** Opening INPUT MATERIAL block **

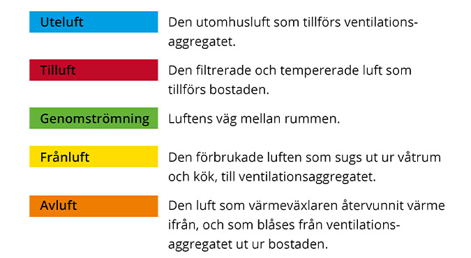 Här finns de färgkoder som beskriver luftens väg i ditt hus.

** Closing INPUT MATERIAL block **
** Opening INPUT MATERIAL block **

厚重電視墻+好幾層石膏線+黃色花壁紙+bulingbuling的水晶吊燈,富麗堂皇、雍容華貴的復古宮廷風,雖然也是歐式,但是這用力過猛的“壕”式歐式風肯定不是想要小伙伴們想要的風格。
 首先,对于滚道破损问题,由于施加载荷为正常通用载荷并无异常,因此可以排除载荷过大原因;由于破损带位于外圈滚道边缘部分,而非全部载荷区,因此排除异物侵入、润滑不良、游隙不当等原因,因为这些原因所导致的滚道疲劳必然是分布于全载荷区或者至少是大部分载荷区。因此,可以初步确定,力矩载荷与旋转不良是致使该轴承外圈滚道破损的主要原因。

** Closing INPUT MATERIAL block **
** Opening INPUT MATERIAL block **

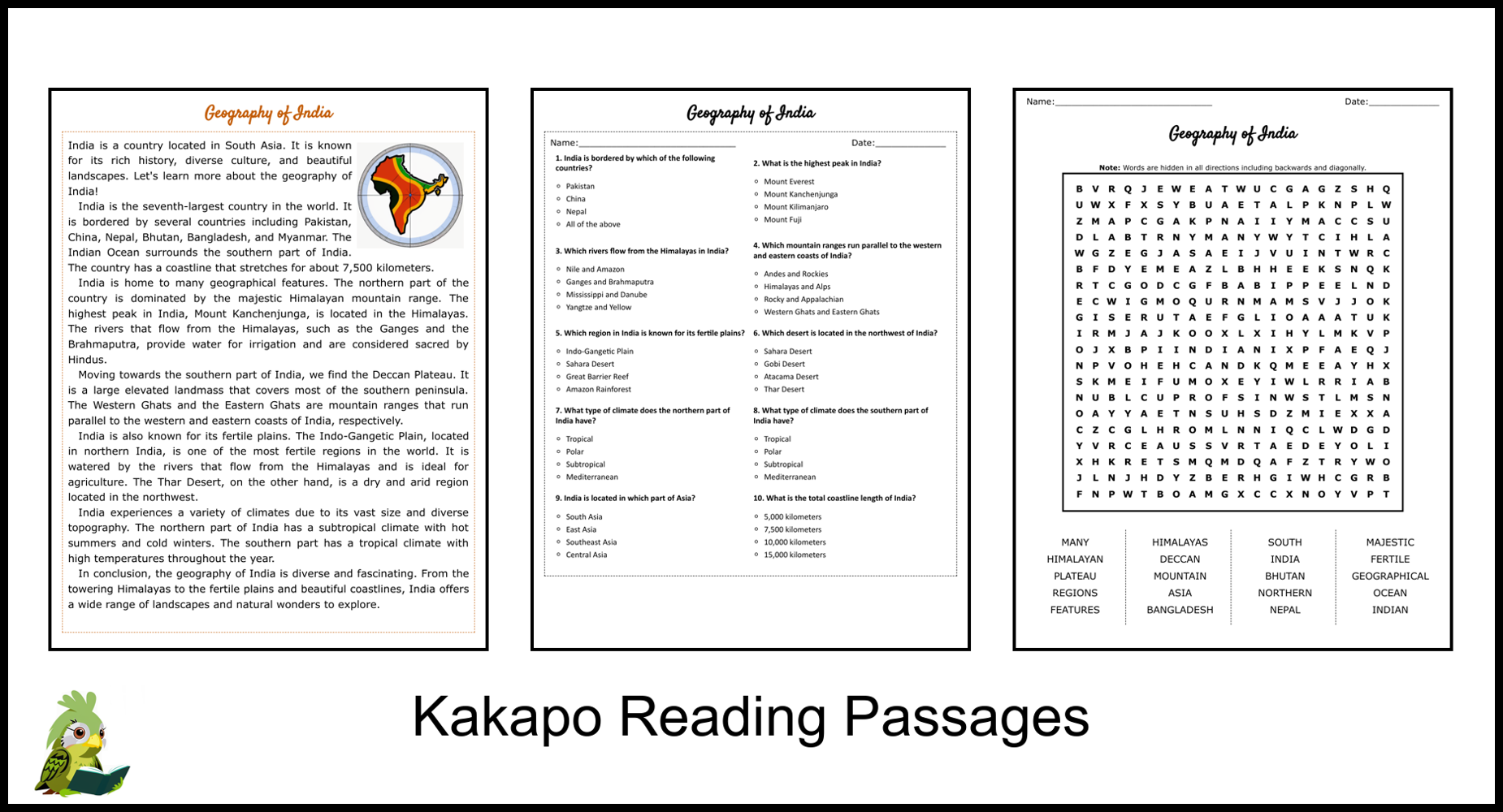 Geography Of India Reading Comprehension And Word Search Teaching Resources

** Closing INPUT MATERIAL block **

WHAT THE EXERCISE ASKS:
In the listing above, the lines from the one containing "厚重電視墻+好幾層石膏線+黃" through the one containing "首先,对于滚道破损问题,由于" must be set down exactly, with no other lines.

TASK RESULT:
厚重電視墻+好幾層石膏線+黃色花壁紙+bulingbuling的水晶吊燈,富麗堂皇、雍容華貴的復古宮廷風,雖然也是歐式,但是這用力過猛的“壕”式歐式風肯定不是想要小伙伴們想要的風格。
 首先,对于滚道破损问题,由于施加载荷为正常通用载荷并无异常,因此可以排除载荷过大原因;由于破损带位于外圈滚道边缘部分,而非全部载荷区,因此排除异物侵入、润滑不良、游隙不当等原因,因为这些原因所导致的滚道疲劳必然是分布于全载荷区或者至少是大部分载荷区。因此,可以初步确定,力矩载荷与旋转不良是致使该轴承外圈滚道破损的主要原因。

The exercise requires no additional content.